When the line with "Сторожевой таймер (watchdog" appears below, start repeating lines exactly, and keep going through the line with "The sink is"; add nothing outside that span.

• **Extracted information**

□ □ □

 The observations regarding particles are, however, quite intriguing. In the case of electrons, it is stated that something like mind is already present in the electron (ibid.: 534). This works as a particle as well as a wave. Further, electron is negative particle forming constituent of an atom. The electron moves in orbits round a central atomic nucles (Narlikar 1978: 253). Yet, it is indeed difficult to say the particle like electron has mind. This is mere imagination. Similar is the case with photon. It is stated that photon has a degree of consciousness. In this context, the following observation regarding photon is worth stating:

□ □ □

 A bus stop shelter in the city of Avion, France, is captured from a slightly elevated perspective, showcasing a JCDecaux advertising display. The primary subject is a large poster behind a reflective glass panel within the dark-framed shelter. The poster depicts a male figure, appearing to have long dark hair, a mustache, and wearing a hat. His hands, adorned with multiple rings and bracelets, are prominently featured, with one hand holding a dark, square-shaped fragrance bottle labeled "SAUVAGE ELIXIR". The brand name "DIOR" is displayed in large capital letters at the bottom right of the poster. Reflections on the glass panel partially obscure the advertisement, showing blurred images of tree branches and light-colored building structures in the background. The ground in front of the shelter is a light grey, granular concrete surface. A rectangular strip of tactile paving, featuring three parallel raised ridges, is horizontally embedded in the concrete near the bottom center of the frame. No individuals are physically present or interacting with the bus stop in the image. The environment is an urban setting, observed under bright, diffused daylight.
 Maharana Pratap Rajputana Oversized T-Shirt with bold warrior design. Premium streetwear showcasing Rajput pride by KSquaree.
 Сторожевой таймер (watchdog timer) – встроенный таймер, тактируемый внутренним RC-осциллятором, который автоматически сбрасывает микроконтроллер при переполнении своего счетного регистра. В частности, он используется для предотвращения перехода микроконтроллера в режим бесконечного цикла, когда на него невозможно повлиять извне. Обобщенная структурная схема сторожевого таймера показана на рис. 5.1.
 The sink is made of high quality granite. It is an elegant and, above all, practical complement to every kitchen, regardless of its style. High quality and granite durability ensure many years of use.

□ □ □

• **Exercise response**
 Сторожевой таймер (watchdog timer) – встроенный таймер, тактируемый внутренним RC-осциллятором, который автоматически сбрасывает микроконтроллер при переполнении своего счетного регистра. В частности, он используется для предотвращения перехода микроконтроллера в режим бесконечного цикла, когда на него невозможно повлиять извне. Обобщенная структурная схема сторожевого таймера показана на рис. 5.1.
 The sink is made of high quality granite. It is an elegant and, above all, practical complement to every kitchen, regardless of its style. High quality and granite durability ensure many years of use.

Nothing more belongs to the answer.